Investing can seem intimidating when you see experts advising workers to put away $100,000 by 35 or aim for over $1 million by retirement. But you don't need a ton of money to buy into the stock market. In some cases, you can get started with as little as $1.

Stocks and exchange-traded funds can only be bought in whole units at many brokers. Depending on the company or fund, that could mean thousands of dollars for a single share. But some financial companies are changing those requirements. Now, firms including Charles Schwab, Robinhood, Square, SoFi and Stash all allow investors to buy fractional shares of individual stocks and, in some cases, ETFs, for $1 or more.

"This is a start in the right direction," Ryan J. Marshall, a New Jersey-based certified financial planner, tells CNBC Make It. "Allowing for fractional shares of ETFs will open up the market for more investors."

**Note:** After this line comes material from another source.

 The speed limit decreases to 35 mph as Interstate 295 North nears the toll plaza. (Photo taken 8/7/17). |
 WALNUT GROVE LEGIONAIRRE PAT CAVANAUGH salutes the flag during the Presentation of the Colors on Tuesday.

If that sounds enticing, here's what to keep in mind.

Invest in mutual funds first

It's certainly positive that investing is getting cheaper on the whole for the average investor. But if you're a novice, you're going to want to stick to buying low-cost funds that track an index like the S&P 500, rather than picking and choosing individual companies to invest in.

"If you can only afford fractional shares of a stock, then you probably shouldn't purchase the stock in the first place," says Marshall.

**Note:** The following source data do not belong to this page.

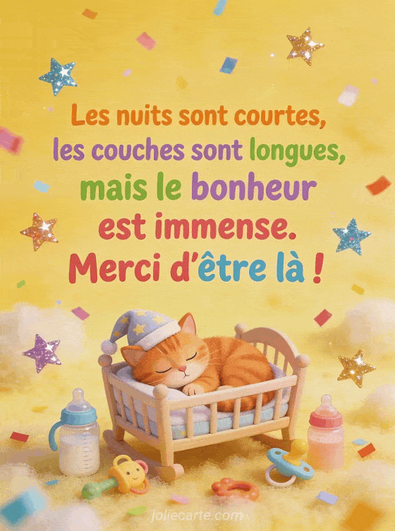 Les nuits sont courtes, les couches sont longues, mais le bonheur est immense. Merci dâĂȘtre lĂ ! un texte de remerciement naissance plein dâhumour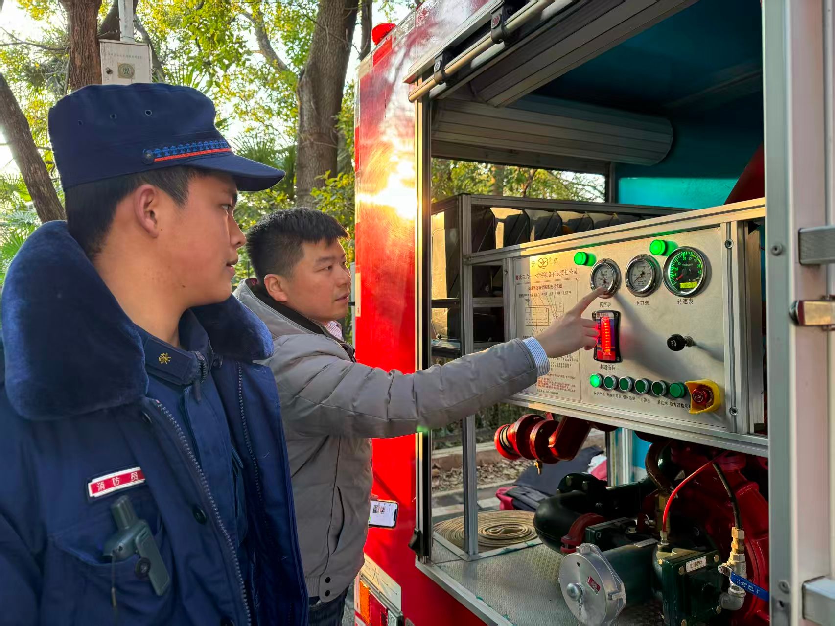 ▲黄远卓在查看消防车水压(校园建设与安全保卫部 供图)
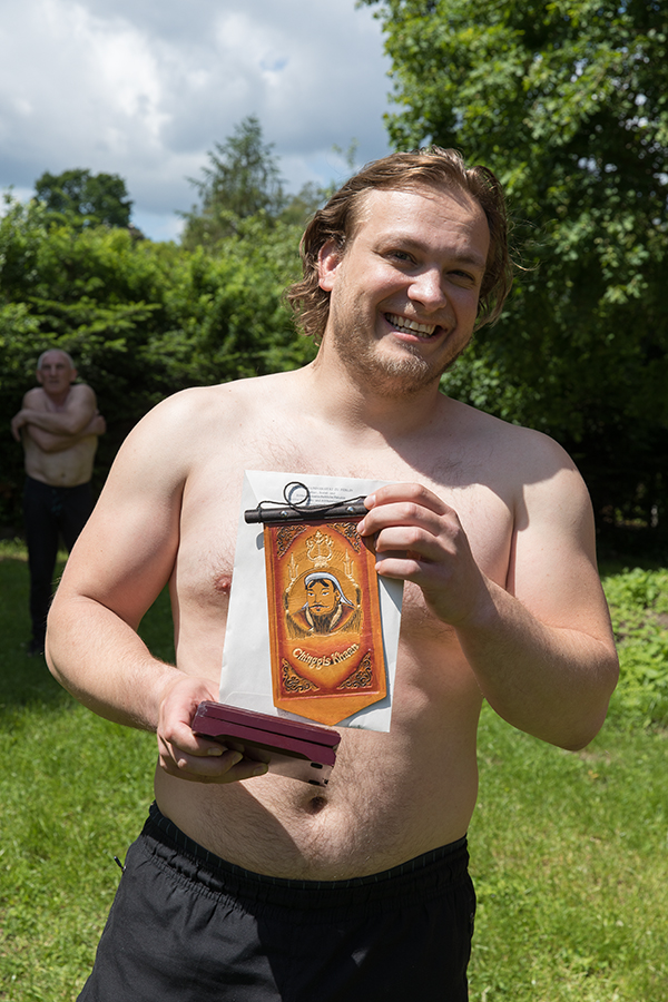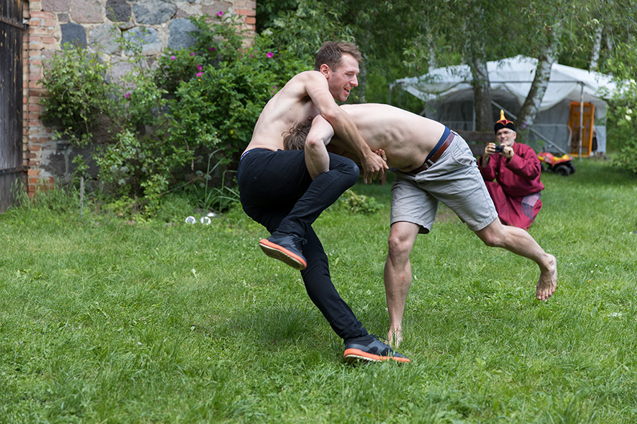 Im Ger (mongolische Jurte) wurden Vorträge über die Symbolik und über die Herstellung des Gers gehalten. Am Lagerfeuer lauschte das Publikum den Erzählungen aus Mongoleireisen. Der zweite Tag war zwei der drei Sportarten des Naadam gewidmet: Ringen und Bogenschießen. Die Männer rangen, der mongolischen Tradition entsprechend, mit nacktem Oberkörper vor dem begeistertem Publikum. Auch ein trainierter, polnischer Dorfbewohner trat zum Ringkampf mit an. Über allen wehte die mongolische Flagge, um die der jeweilige Sieger seinen Adlertanz vollführte.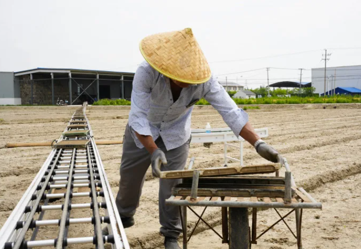 洋口镇洋口村种粮大户康宜斌在村里流转了800亩土地,夏种品种为宁香粳9号。21日至22日,抢抓两个大晴天,他将8000斤稻种全部播种下去。记者跟随农技专家来到育秧田时,康宜斌正在组织工人摆盘、盖膜,超过28000张秧盘整齐划一地排列在田间,一眼望去,颇为壮观。“县里的专家在水稻育秧的温度湿度、育秧周期等方面给我们进行现场指导,后续有不懂的地方,还可以线上咨询,我们育好秧的信心更足了!”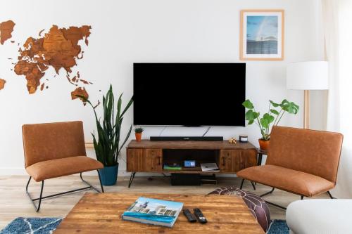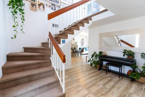 这家度假屋提供庭院,享有海景,拥有3间卧室、起居室、平板电视、带冰箱和洗碗机的设施齐全的厨房以及3间带坐浴盆的浴室。住宿配有3间带淋浴设施和浴缸的浴室,配备免费洗浴用品和吹风机。

These funds have relatively cheap fees and give you exposure to broad swaths of the stock market, which are key factors in building wealth. Stock picking by itself is a losing game — no matter how much research you put in, you're probably not going to beat the market, and studies indicates time and again that passively managed funds perform better than actively managed funds.

"In today's environment, most people are running around worried about their careers, their family, what time soccer practice is on Tuesday and simply don't have the time to monitor and research individual stocks," says Marshall. "Either leave it up to mutual funds managers to make those calls or own the market in an index fund. Both provide great diversification and lower entries costs."

Buying fractional shares has always been possible when buying mutual funds, according to a spokesperson from Fidelity; it's essentially what investors do when buying into funds through a 401(k). Now, the ability to buy fractional shares is expanding to ETFs and stocks too, which you'd typically buy through a taxable brokerage account.

"The individual investor is better suited by investing in mutual funds and exchange-traded funds," Greg McBride, chief financial analyst at Bankrate, told CNBC Make It. "But the lure of individual stocks is always there. On some level, so is the belief that doing so enables the investor to beat the market, which has proven not to be true."

Then buy individual stocks

That said, if you're already contributing a healthy amount to a retirement investment account like a 401(k) or IRA but want to dip your toe into individual stock trading, buying fractional shares can be a good starting point.

This way, you can invest in expensive companies like Amazon or Alphabet without the near-$2,000 necessary to buy a single share (Amazon was trading for close to $1,900 on Friday; Alphabet was at just over $1,400). It's also an effective way for to test out a company before committing a large amount of money.

Again, it shouldn't be your sole investing strategy, but if you want to build on your retirement accounts, it's a good entry point. CNBC's Jim Cramer says the first $10,000 you invest should go to a low-cost index fund or exchange-traded fund that mirrors the S&P 500.

After that, you can start researching individual companies to invest in if that's part of your overall financial plan and you have the time and resources to do so.